No need for the sad isDone sentinel here! Since looping was an active choice (an explicit call to go), we were free simply to choose not to loop at any point, and specifically at the point where doThing had returned successfully.

The barest essentials

Sometimes we don’t even need any state at all!

 1
 2
 3
 4
 5
 6
 7
 8
 9
10
11
12
open System

let pollInfinitely<'a>
    (sleep : TimeSpan -> unit)
    (poll : unit -> 'a)
    (doThings : 'a -> unit)
    : unit
    =
    while true do
        let values = poll ()
        doThings values
        sleep (TimeSpan.FromSeconds 5.)

Or, in the shiny new world which is free of while:

 1
 2
 3
 4
 5
 6
 7
 8
 9
10
11
12
13
14
15
open System

let pollInfinitely<'a>
    (sleep : TimeSpan -> unit)
    (poll : unit -> 'a)
    (doThings : 'a -> unit)
    : unit
    =
    let rec go () =
        let values = poll ()
        doThings values
        sleep (TimeSpan.FromSeconds 5.)
        go ()

    go ()

This example looks too simple to be of any use, and maybe indeed it is; and of course in real life there is System.Timers.Timer which solves this problem better. (This is only a toy example.)
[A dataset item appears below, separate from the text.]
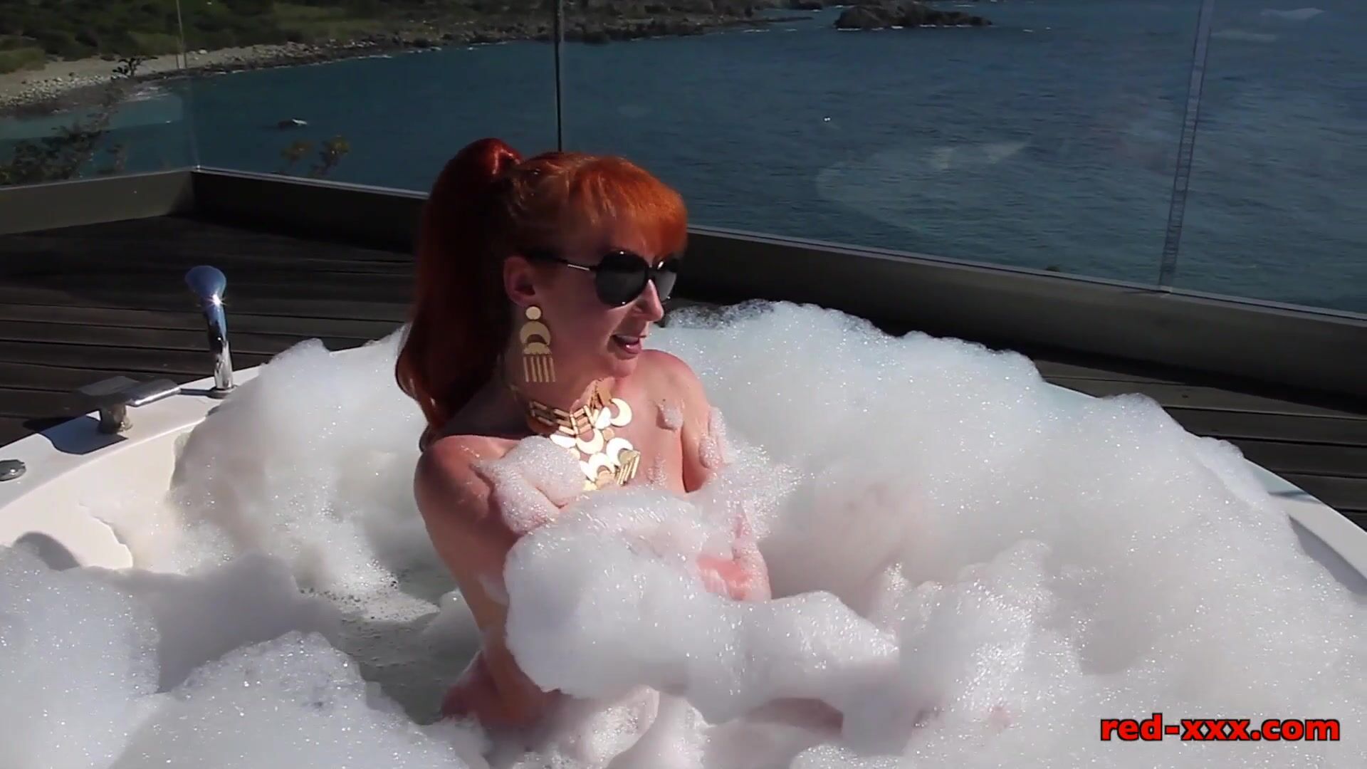 A red-haired milf on the roof bathes in a jacuzzi and fingers her pussy with her hand.

But I would argue that once you’re familiar with the general pattern, this is a natural way to express the loop. Moreover, it is extremely extensible: if we decide we don’t actually want to loop forever, it’s trivial to add extra state by inserting it as parameters to go, and the compiler will try its best to help us use it correctly. (By contrast, with the while loop and mutable state, we are on our own: the compiler can’t know what we had in mind for the state. It will freely let us either modify the state when we didn’t want to, or fail to modify it when we did want to.)

Winding up

Though it may look very odd at first sight, it soon becomes quite natural to think about loops in this recursive way. It allows you to express more of the problem in the type system, helping the compiler to point out when you’ve done things like “adding a new piece of state but forgetting to use it everywhere you wanted it”. It also makes the act of looping into a conscious choice at each stage; if you’ve ever longed for the good old days of goto to break out of loops, this actually gives you back something of that flavour, but much more safe!

Making the loop state immutable makes it easier to reason about the invariants and behaviour of the loop, and helps you write safer programs fast.